One of the first junior mining companies to take a serious look at opportunities in Nicaragua plans to expand a gold mine in the Central American country.
Triton Mining, soon to be listed on the Toronto Stock Exchange, will spend US$8.5 million to increase production at the Limon mine to about 35,000 oz. from 24,000 oz. per year.
To finance the project, Triton will raise $13.75 million from a public offering, proceeds of which will also be used to acquire, explore and develop other properties in Central and South America.
The Limon property includes an exploitation concession of about 120 sq. km. Current production is divided equally between underground and open-pit reserves. The expansion program will last one year and is aimed at increasing daily throughput to 1,000 from 450 tons.

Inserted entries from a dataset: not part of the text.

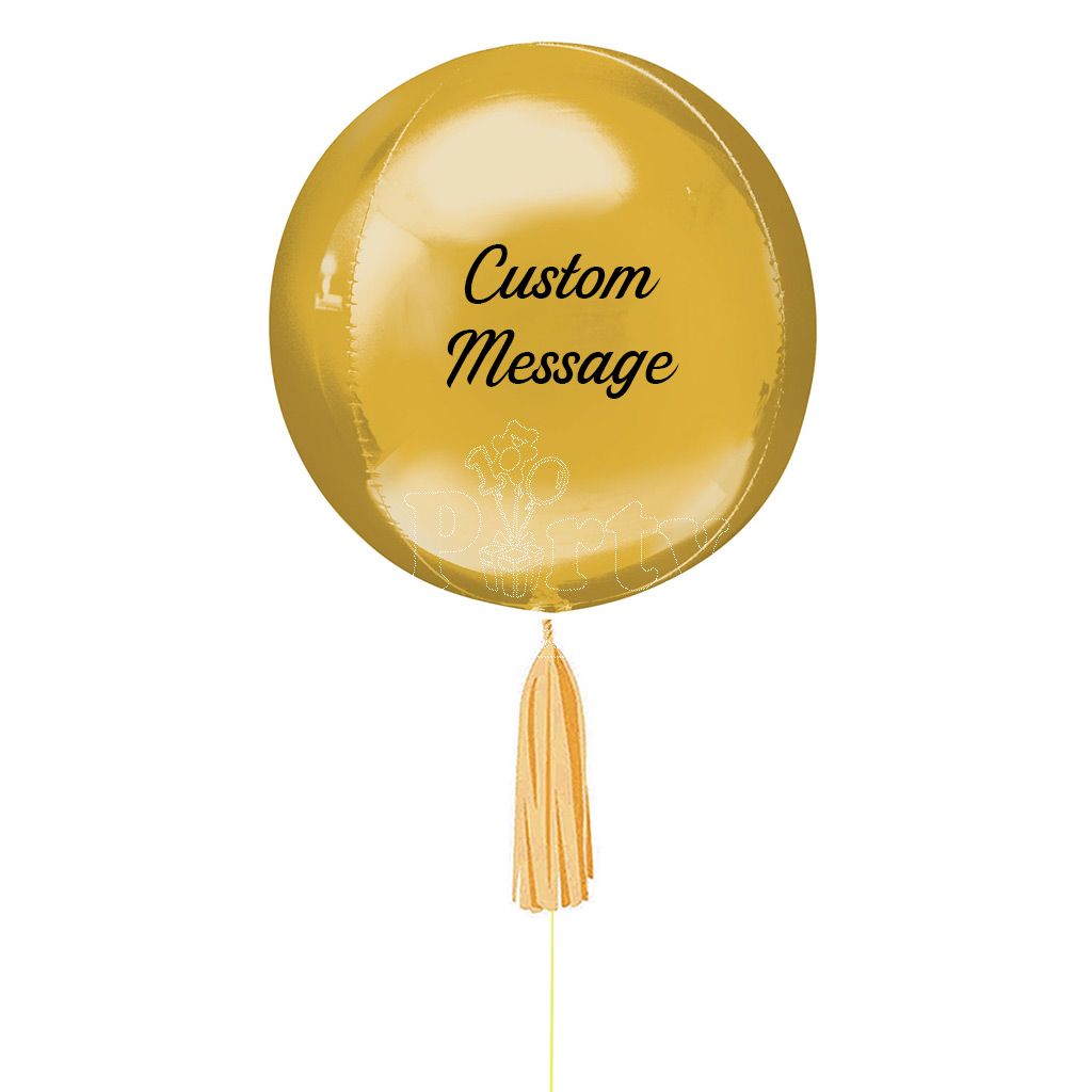 Surprise your special one with this pretty customised message gold orbz balloon.
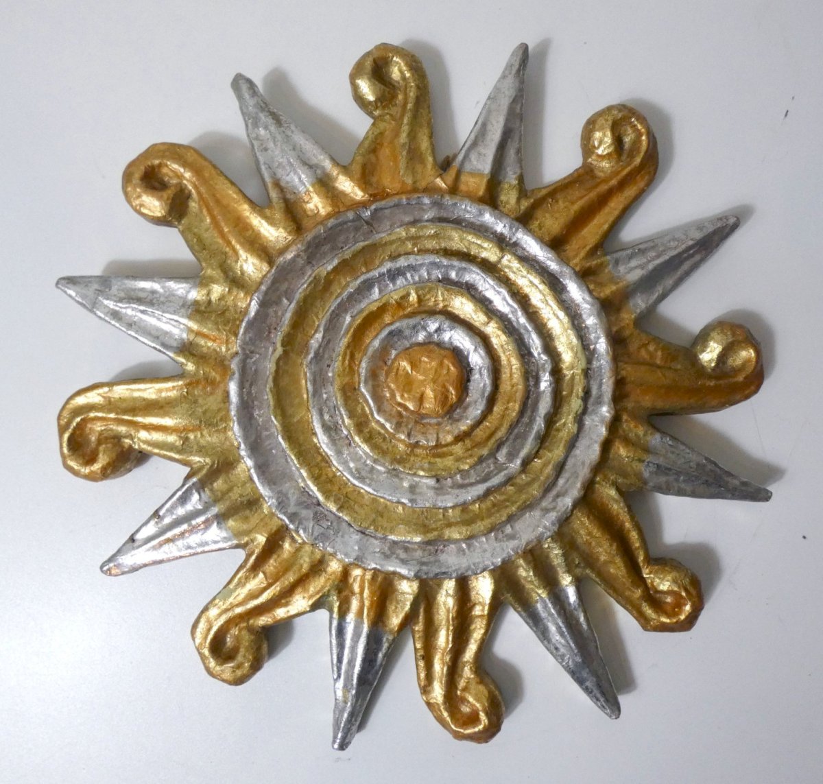 Relief wall sculpture Sun papier mâché gold and silver Vintage
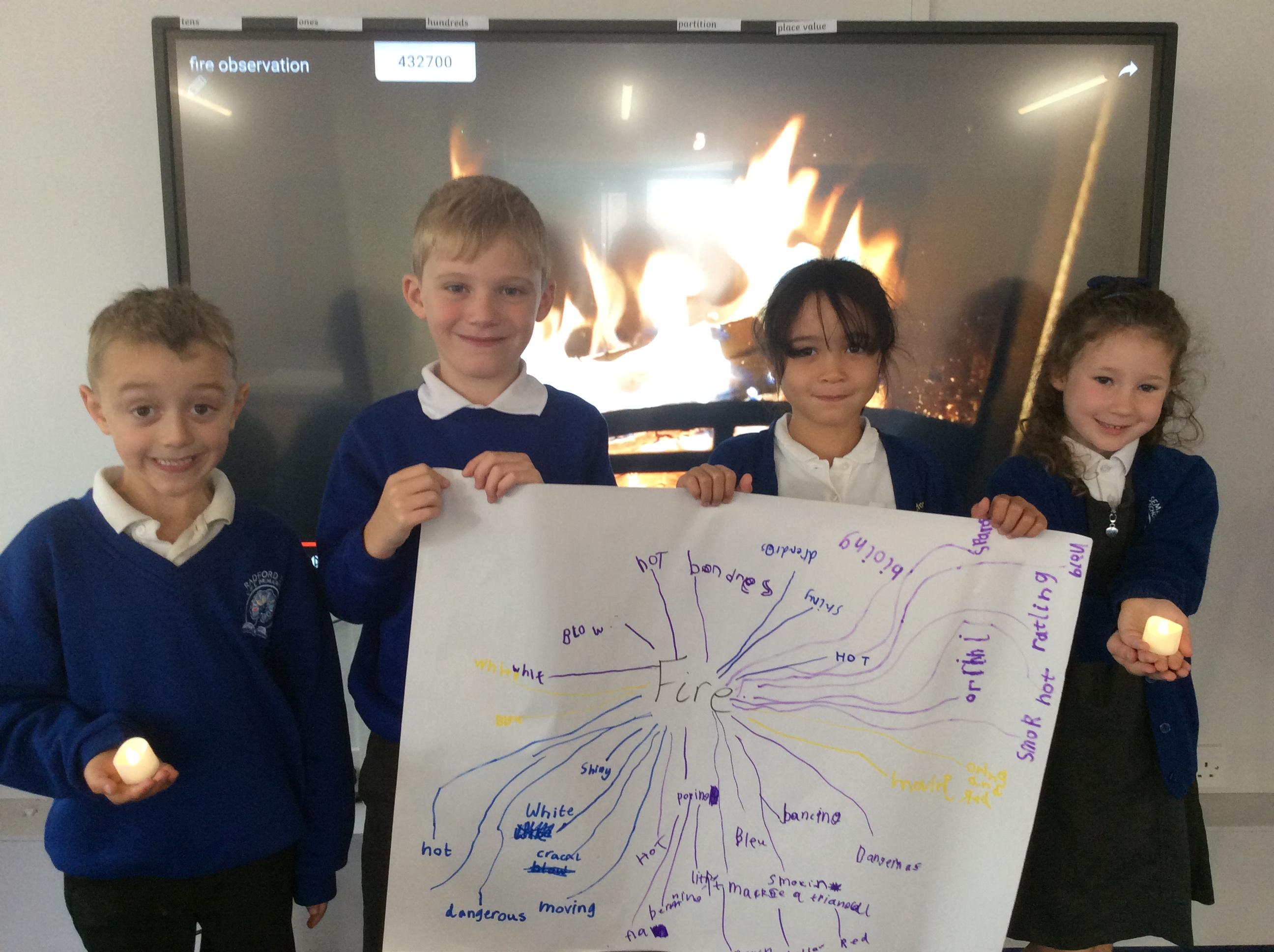 Year 2 have been starting off our theme of Fire and Light by using our senses to come up with adjectives and verbs to describe fire!
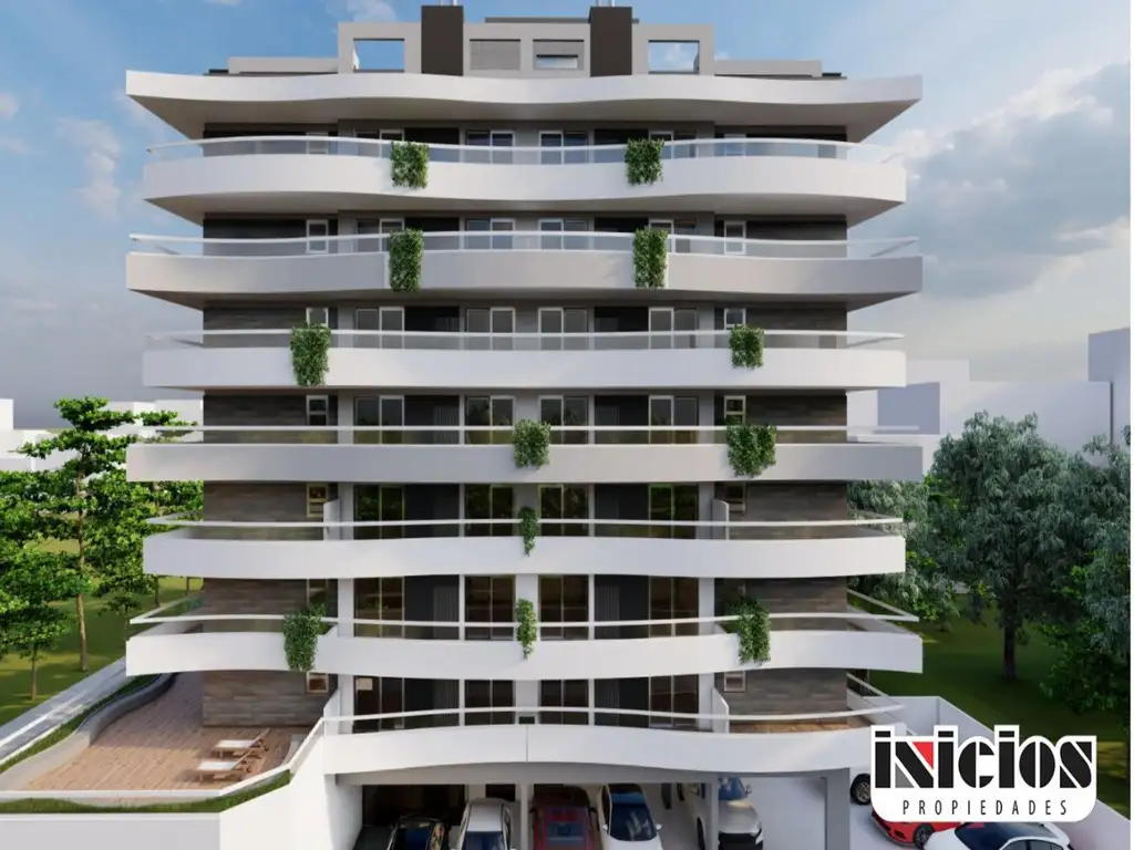 Edificio de planta baja y 9 pisos, con 35 departamentos, dos locales comerciales y 17 cocheras.
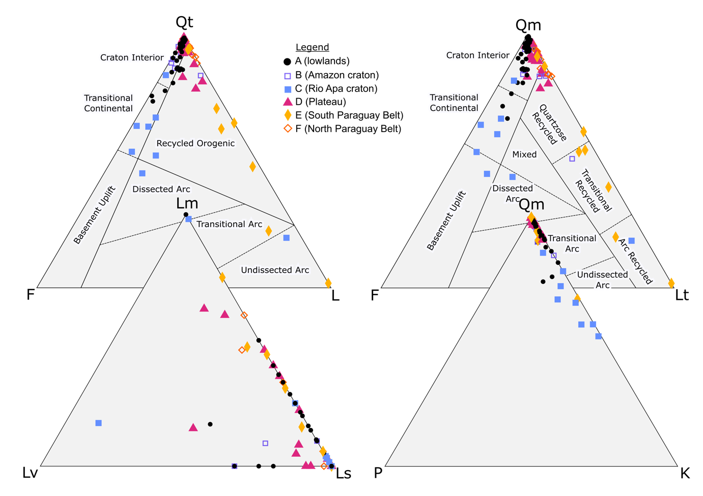 Figure 6. Ternary plots of sand composition in the Pantanal Basin and its provenance regions (Dickinson, 1985). The vertices were Qt (sum of monocrystalline quartz, polycrystalline quartz, and chert), F (sum of plagioclase and potassium feldspar), and L (sum of lithic igneous, metamorphic, and sedimentary grains). Qm (monocrystalline quartz), F (plagioclase and potassium feldspar), and Lt (polycrystalline quartz and lithic igneous, metamorphic, and sedimentary grains). Lm (lithic metamorphic), Lv (lithic volcanic), and Ls (lithic sedimentary). Qm (monocrystalline quartz), P (plagioclase) and K (potassium feldspar).

Triton has been active in Nicaragua for the past three years and has several geologically prospective concessions. The company’s land package includes the former-producing India mine and several districts explored by previous owners. “We are quite positive about Nicaragua,” said Triton President Arnaldo Ismay. “Since the democratic government took over, three years ago, we have seen the introduction of free-market policies in a lot of industry sectors, including mining. They are following the examples of Mexico and Chile, in the areas of new mining laws and foreign investment laws.”
Triton also has an option to acquire the Topacio project in Nicaragua and a joint venture involving nine concessions in Argentina.